I only tried Mono White Midrange very briefly so far, but I was put off by the speed of the deck. It’s very good at surviving and removing opposing threats, but turning the corner and actually winning the game can take ages and games can grind to a halt. It was pretty clear to me from the beginning that playing this deck will come with a greatly increased risk of running out of time in a round and risking a draw.

Field of RuinDemolition Field

For those braver (or faster) than me, Fabrizio’s decklist comes with a very interesting development – it takes advantage of its 13-《Plains》 mana base by running a total of seven 《Field of Ruin》. Esper, Grixis, or Toxic decks routinely run as few as one or two basic lands, and a decklist like this can really punish manabases that disregard the need for basics.

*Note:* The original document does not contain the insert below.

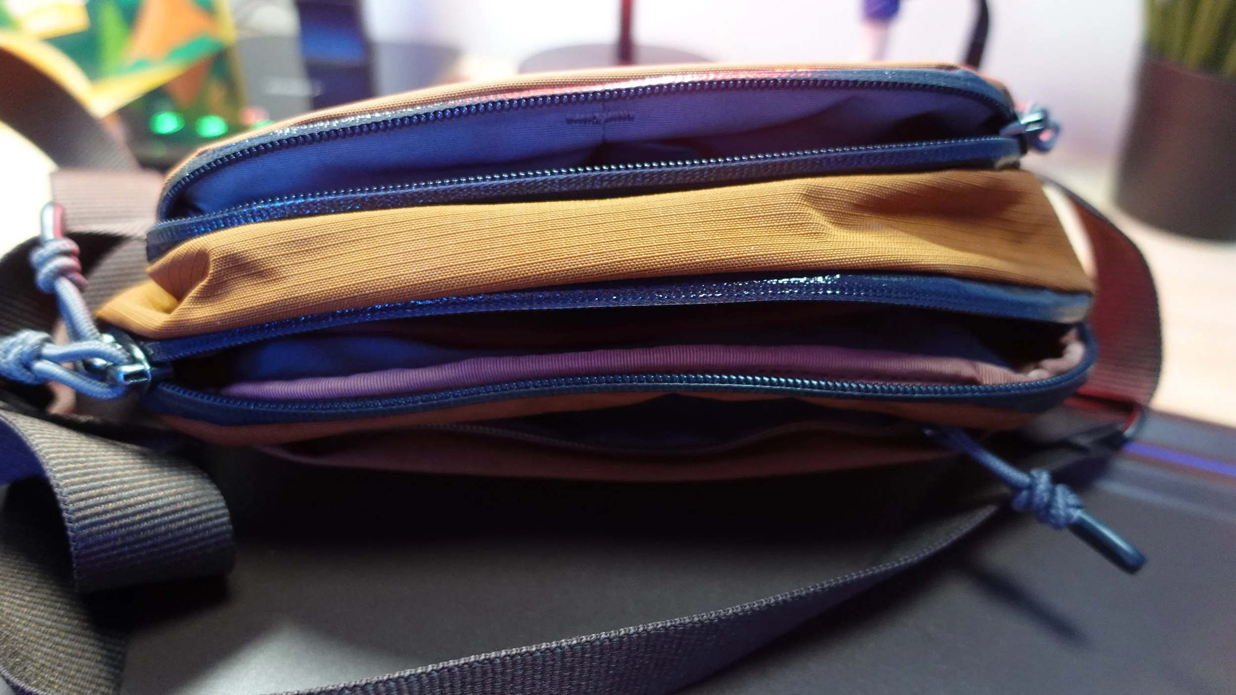 Made with polyester and nylon, on the inside and recycled fabric on the outside that is water resistant, this particular bag also seals the zippers with a coating to resist water. Frankly, I don’t particularly like the sheen emanating off the zipper, but the benefits from a water seal completely outweighs my aesthetic preferences. Overall the bag doesn’t feel particularly premium, but that’s also to be expected from the recycled fabric material that many bag makers have transitioned over to. It doesn’t really stand out much in this Bronze colorway, but that might be a good thing for people who don’t want attention drawn to where their important personal belongings are stored.
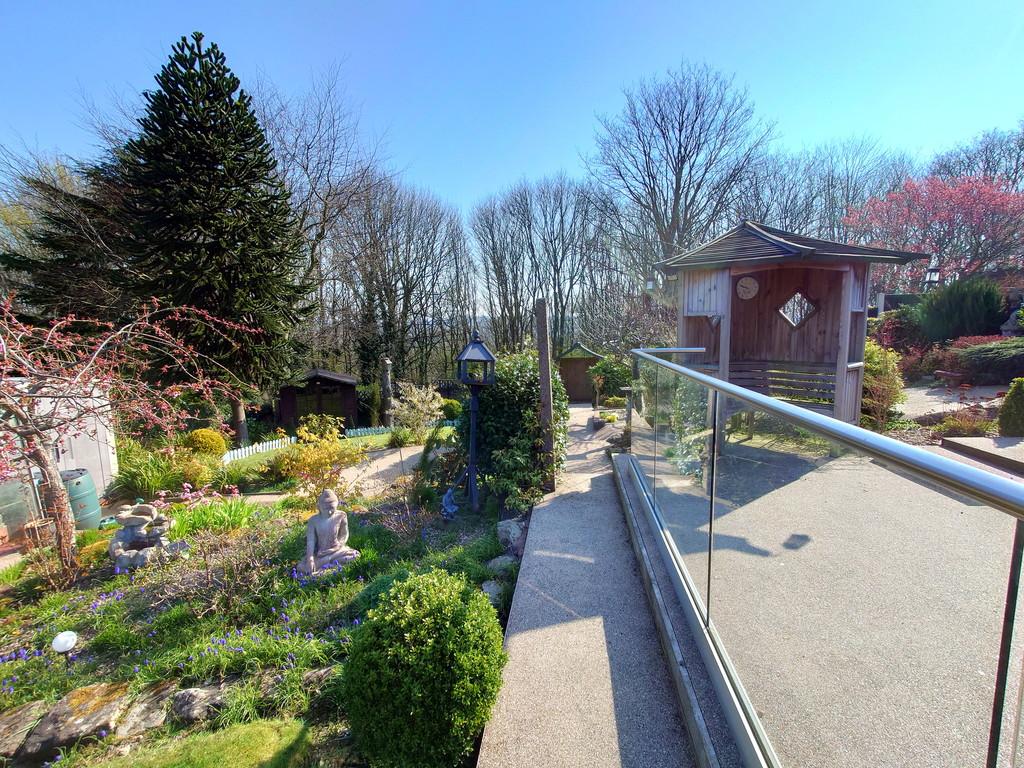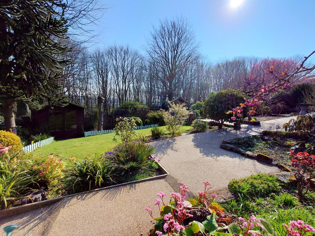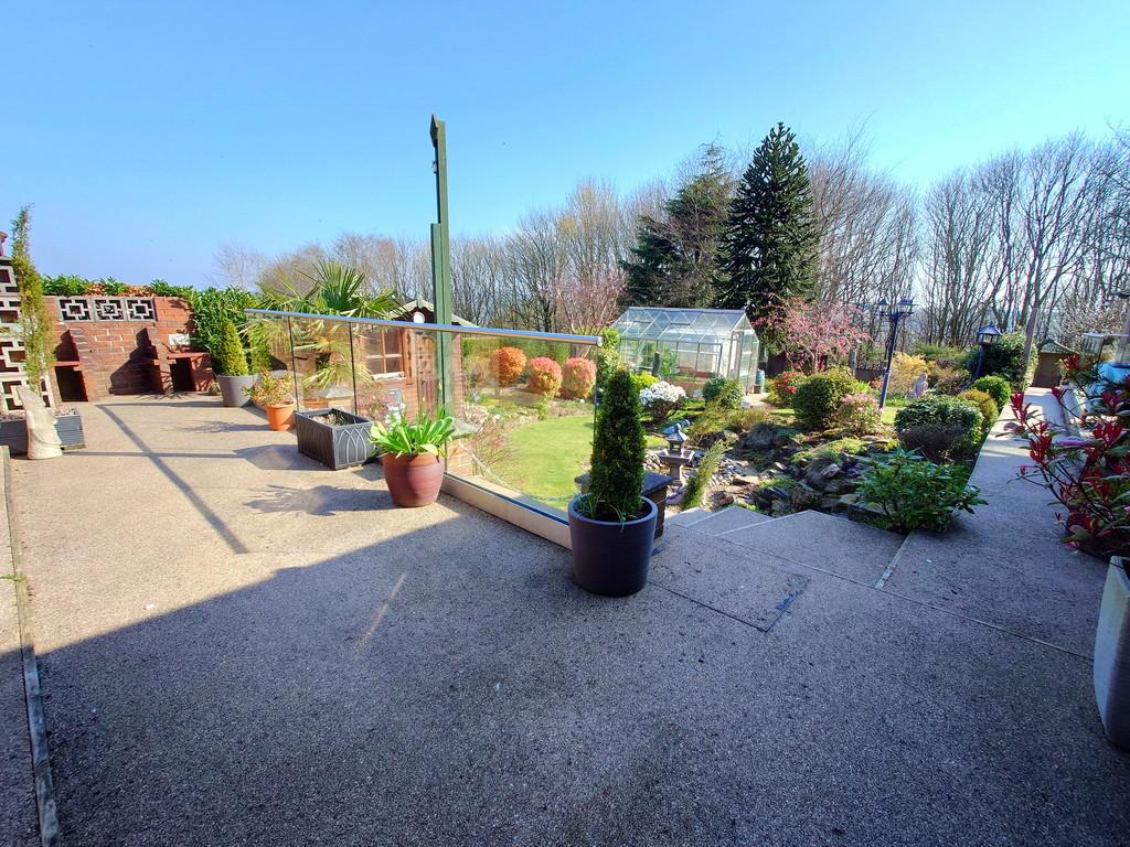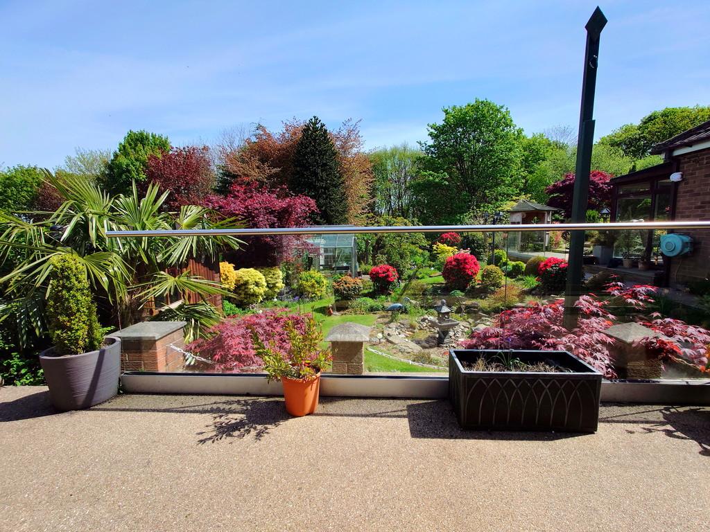 REAR GARDEN A truly stunning rear garden, with so many areas to get lost in! From having laid to lawn sections, to a resin area sweeping round the bungalow with glass balustrades, the garden leads to rockery sections and seating areas, all being surrounded by gorgeous trees and mature shrubs. Two timber storage sheds, and greenhouse. Views across to Jodrell Bank and beyond. A great sized and private feel, the garden is a pure delight to behold!

Even if Mono-White’s win rate throughout the weekend wasn’t the strongest, everyone will need to take 《Field of Ruin》 spam into account from now on and I believe we will see many more manabases trying very hard to incorporate one or two extra basics in order not to get exploited easily.

In the End

Pro Tour Minneapolis will happen in May in Standard once again. I’ll be paying constant attention to the format even before March of the Machine releases in order to stay up to date with the format in order to accustom myself to the format. Standard always felt like an Achilles Heel for me, and I’ll be trying my hardest to remedy that!

Until next time!

Piotr Glogowski (Twitter / Twitch / Youtube)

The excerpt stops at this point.